Fig 1: Derivation tree
Right most derivation (RMD):
It is done by replacing rightmost non-terminal symbol S by RHS of corresponding production rule.
For Example: The rightmost derivation of string abab from grammar G above
Is done as:
S =>SS =>SaSb =>Sab =>aSbab =>abab
The symbols in bold are replaced using production rules.
The derivation tree for abab using rightmost derivation is shown in Figure.
Fig 2: Right most derivation
A derivation can be either LMD or RMD or both or none.
For Example:
S =>aSb =>abSab =>abab is LMD as well as RMD But
S => SS =>SaSb =>Sab =>aSbab =>abab is RMD but not LMD.
Ambiguous Context Free Grammar:
● A context free grammar is called ambiguous if there exists more than one
LMD or RMD for a string which is generated by grammar.
● There will also be more than one derivation tree for a string in ambiguous grammar.
● The grammar described above is ambiguous because there are two derivation Trees.
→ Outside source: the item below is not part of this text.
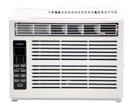Enter the realm of cool comfort! Easy to install and operate, the Whirlpool 8,000 BTU window-mounted air conditioner quickly cools and dehumidifies a room up to 350 square feet. Equipped with a programmable 24-hour on/off timer, you can customize cooling time to fit your schedule for immediate comfort when you get home. Three cooling speeds, Eco mode, and Sleep mode all give you the flexibility you need to keep you and your loved ones cool and comfortable. Plus, maintenance is a breeze with the removable and washable air filter. At Whirlpool, we take comfort and caring to the next level. Energy Star compliant: 12.1 EER 8,000 BTU air conditioner for window-mounted installation 5.9-ft. LCDI power cord with 3-prong grounded plug uses 115V electrical outlet Cools a room up to 350 sq. ft. with up to 1.8 pints per hour dehumidification On-board electronic control panel with digital display Remote control with LCD display allows you to control the unit from across the room 3 cooling speeds plus Auto option for cooling flexibility Eco mode uses less energy for savings on your utility bill Sleep mode gradually increases room temperature after being activated Programmable 24-hour on/off timer cools on your schedule After a power failure, unit automatically restarts when power is restored 8-way directional air louvers directs the air where you need it Removable and washable air filter with a 'clean filter' alert for convenient maintenance Easy-to-install window mounting kit included Window width: 23" min / 36" max Minimum window height: 14.5" U.L. listedRead More

● There can be more than one RMD for string abab which are:
S =>SS =>SaSb =>Sab =>aSbab =>abab
S =>aSb =>abSab =>abab
Q3) What is left recursion?
A3) Any non-terminal 'A' whose derivation contains 'A' itself as the left-most symbol makes a grammar left-recursive. For top-down parsers, left-recursive grammar is seen as a difficult scenario. Top-down parsers begin parsing with the Start symbol, which is non-terminal in and of itself. As a result, when the parser encounters the same non-terminal multiple times during its derivation, it becomes difficult for it to determine when to cease parsing the left non-terminal, and it enters an infinite loop.
Example
(1) A => Aα | β
(2) S => Aα | β
A => Sd
(1) is an example of immediate left recursion, where A represents a string of non-terminals and represents any non-terminal symbol.
(2) is an indirect-left recursion example.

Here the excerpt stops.